乾泰十六年十月初八,北境草原上的晨风冷冽,大地却沸腾起冲破天际的热浪。
红日冒出地平线之时,猎猎而动的飞龙旗下,威武无比的大雍帝皇如同神祗降临。
一如十几年前那般,黑甲白袍,银枪擎天。
探索海外十余年的风霜,没有折损这位常胜帝皇的半分气势。
反而更添了份唯我独尊雄霸天下不容进犯的无上威严,让本蓄势进攻的乌古军立时顿足不前,汗毛倒竖。
不是说大雍皇帝尸沉大海了吗?
怎么突然就从天而降?
大雍皇帝好战的威名,极具震慑力。
真龙现身,没法不让人胆骇。
鞑子们生出连长生天都在帮大雍的恐惧。
呜呜——!
天怒神罚,心胆俱颤。
特别是那些被迫归附乌古的奴隶军,得知大雍皇帝根本没死,立马萌生退意。
当年毛还没长齐的大雍帝皇,都能把乌古打得认输求和。
如今的大雍帝皇如同天神归来,只怕更容不得他人挑衅欺凌。
对于没有胜算的赴死之战,被迫的人都失去锐气,奴隶军顿时阵前鸟散。
奴隶军一跑,鞑子的士气瞬间崩掉。
从气势汹汹到怯战丧气,也不过是红日离地的片刻间。
无论领将们如何呵斥怒骂也无济于事,甚至杀鸡也儆不了猴。
面对天神般出现的大雍帝皇,以及大雍军瞬间冲破天际的气势,跑掉先锋军的乌古军队最终不战自退。

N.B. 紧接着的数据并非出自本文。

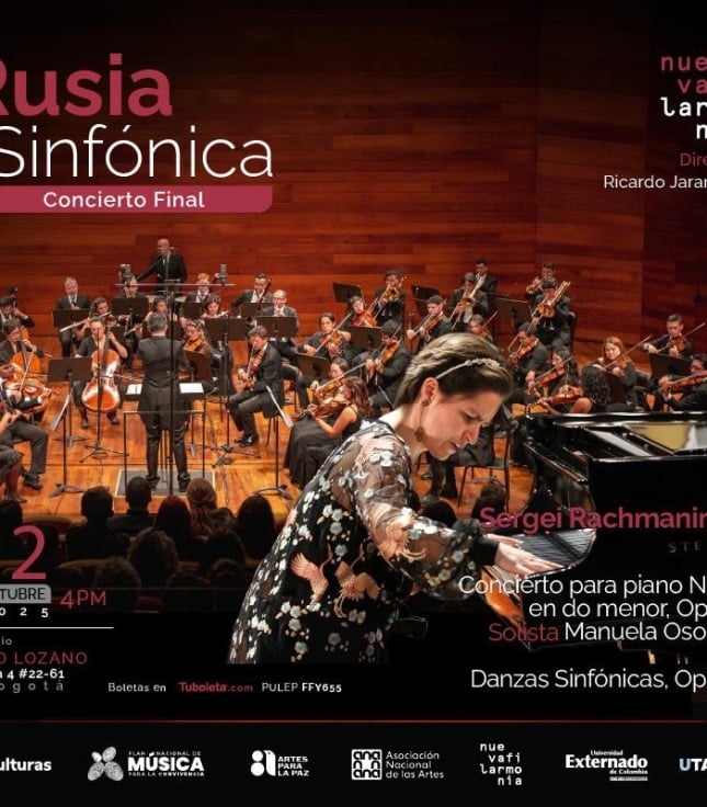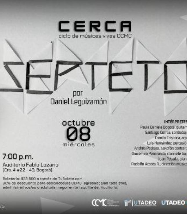 SEPTETO, POR DANIEL LEGUIZAMÓN Auditorio Fabio Lozano Bogotá 08 Oct Mié 08 Oct :Show inmersivo: Chicas Pop Planetario de Bogotá Bogotá Desde 08 Oct Mié 08 Oct Hasta 31 Oct Vie 31 Oct Santander le canta a José Morales Teatro Santander Bucaramanga 09 Oct Jue 09 Oct Show inmersivo TREN AL SUR Planetario de Bogotá Bogotá Desde 09 Oct Jue 09 Oct Hasta 31 Oct Vie 31 Oct Tomorrow Comes The Harvest Jeff Mills Planetario de Bogotá Bogotá Desde 11 Oct Sáb 11 Oct Hasta 12 Oct Dom 12 Oct ANIME Teatro Jorge Eliécer Gaitán Bogotá 11 Oct Sáb 11 Oct CONCIERTO PARA PIANO NO.2 OP.18 EN DO MENOR Auditorio Fabio Lozano Bogotá 12 Oct Dom 12 Oct Marco Tamayo (Cub, Aut) - Raúl Fernando Madrid (Col) Teatro Colsubsidio Bogotá 15 Oct Mié 15 Oct Mostrar más eventos
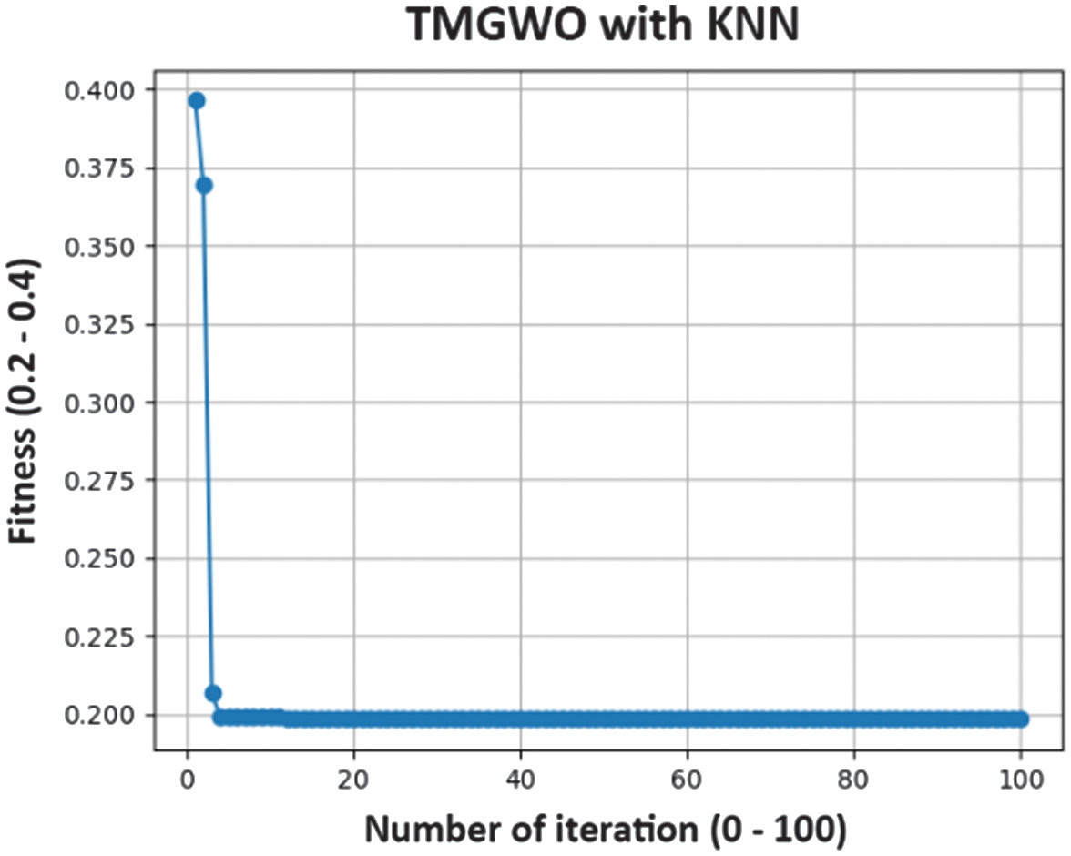 Fig. 9. Fitness convergence plot on feature selection by TMGWO.

大雍军半数看着天子归来欣喜若狂,半数看着还没打就跑的鞑子口瞪目呆。
“都愣着干甚?给朕杀过去!灭掉丫们的!”
风尘仆仆的天子,高举长枪,没等卫离尘他们激动叩拜,就命令他们赶紧去杀鞑子,别给跑光了。
太子刚跟自己的父皇打个照面,人都还没看得清楚,就被士气冲天的队伍裹挟着,激动的调转马头去追杀仓皇而逃的鞑子大军。
风萧萧兮,铁骑奔腾!
路漫漫兮,绞杀围堵!
大雍军一鼓作气势如虎,直冲乌古大本营,以势不可挡的威势,火速占取乌古地盘。
一路横扫惯于掠夺的部落大军,寸物不留,再无恻隐。
这是一次史无前例的灭族之杀。
在外十余年的天子,气恨乌古趁他不在又进犯大雍,还牙以数倍之力,诛杀不改本性之异族。
士气一边倒的追击战,足足持续了两个多月。
大雍朝廷输送给远征军队的补给,源源不断,物资供应尤胜从前。
天子和卫离尘不畏凛冬风雪,带着兵马双面夹击,直杀得鞑子们丢盔弃甲,皇庭不保。
乌古皇族和贵族不是死就是远逃。
雄霸草原戈壁几百年的乌古,就此灭亡。
外刺和古惕得以复国,成为大雍的藩属邻邦,立下永不侵犯主国的血盟。
乾泰十七年春,离京十数年的大雍天子,凯旋归朝。
举国欢腾,再偏远的百姓都为天子平安回来,为大国真正崛起而喜悦。
大雍灭掉乌古的壮举,让大雍成为最强帝国,傲视所有邻邦。
无人再敢撩大雍之虎须,俯首为臣是所有邻国唯一选择。
当朝的丰功伟绩,将会传颂千古。
天子不但再一次守护了大雍,还开拓了海外疆域,为大雍带回来难以估量的财富。
天地之大,难以度量。
海洋之阔,难达边际。
这是大雍天子慕玄度出海多年后的感慨慨之语。
当年从桑国离开,一路向远海探索,大雍船队登陆了各种看得见的海岛,遇见一些奇奇怪怪都未开化的野人族群。
他们茹毛饮血,活得原始。
打猎的长矛,矛头是用尖石打磨,绑在树枝上做攻击武器,野人脑子愚钝手工落后。
且男男女女都衣不蔽体,袒胸露乳光屁股。
着实让礼教森严的大雍人见了都难以直视。
那些连大刀都没见过的土着,看到他们砍树如切瓜时,惊呆了。
被寒光闪闪的大刀反射太阳光芒照射闪眼时,更是吓得叽里呱啦的四散逃窜。
语言不通,又胆小如鼠。
大雍人出现的地方,所有土着都不太敢靠近。
害得航行许久,水和粮食都不太足的船队,不得不靠自己找补给。
就这么一路走一路探索,用了三年多时间,他们才到达一片巨大陆地。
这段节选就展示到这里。